I haven't noticed that but I consider it should be changed somehow in the future cause Jerusalem is totally irrelevant for the map.
Isn't it on there because it's also the province name?
The region is called the Levant now right, was it called that back then? I'm sure one of our Professors/History buffs can correct me if I'm wrong
Yes, I also noticed this. I don't really mind it since I hardly spend any time staring at the map screen, but it doesn't make a ton of sense.
Jerusalem was a decent sized city, but it was not the center of the world that many today might think of it as.
Today the area can be called Palestine, the Levant, Judea etc. The Romans of our game period would have called it Judaea.

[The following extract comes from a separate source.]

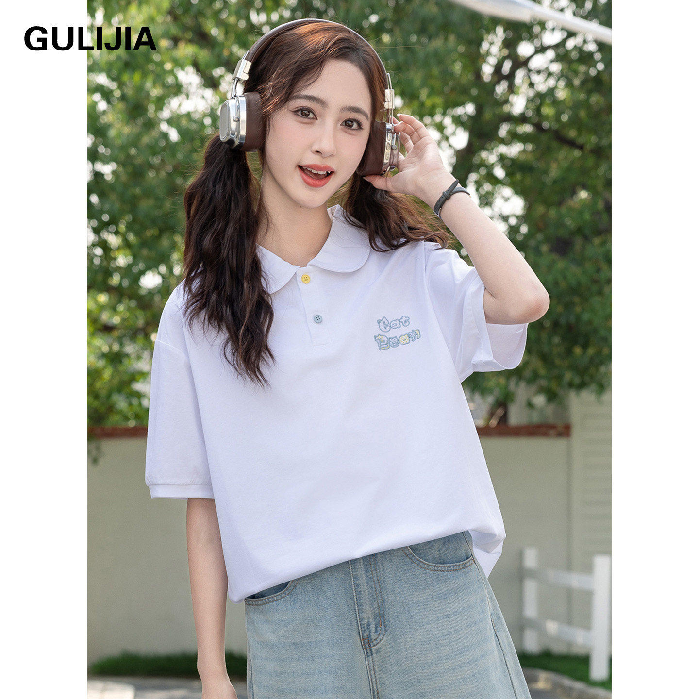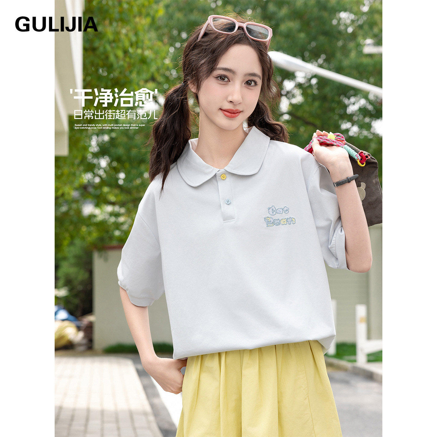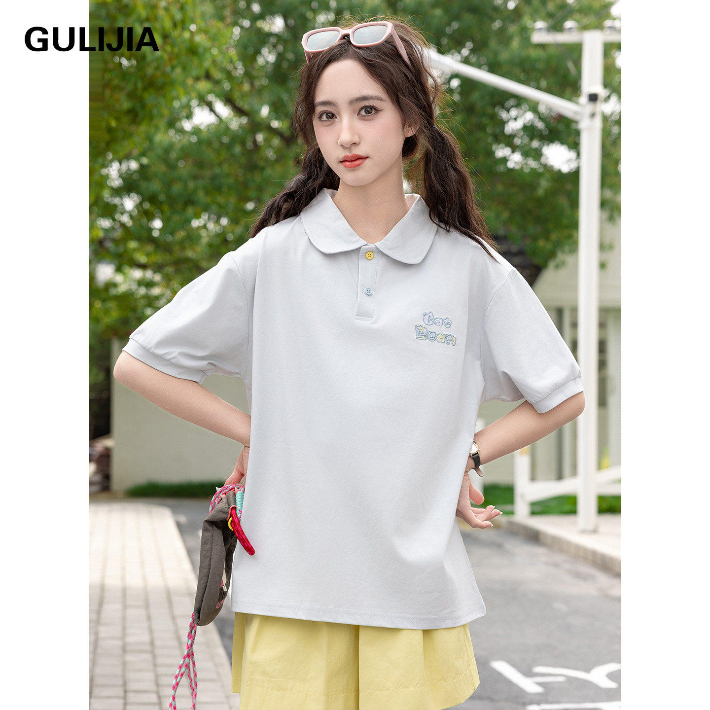 优蜜屋夏款翻领刺绣POLO衫短袖T恤女大童夏装宽松初中生纯棉上衣

Later, the province of Judaea was merged with the province of Syria after the Bar Kokhba revolt's defeat in 135. This new larger province would be known as Syria Palaestina.
After about 250 years, the Eastern Roman Empire reorganized the territory once more, separating Syria and Palaestina from each other and dividing both into smaller subdivisions for administrative purposes.
The area of Judaea would be split into three provinces; Palaestina Prima, which roughly stretched from Gaza in the south to Caesarea in the North, and from Jericho and Samaria in the east; Palaestina Secunda, stretching from the Dead Sea in the south to Capernum in the north, with Nazareth and Samaria along the western border; and finally Palaestina Salutaris, encompassing Negev and the Sinai, bordering Arabia on the southeast and Egypt to the southwest.
After this period the region was lost to the Arabs, and it was known as Filastin, generally considered a part of wider Syria or al-Sham.
It should go. It was not such important in the Hellenistic timeframe and some billions of people of today would also deny a special priority of that city.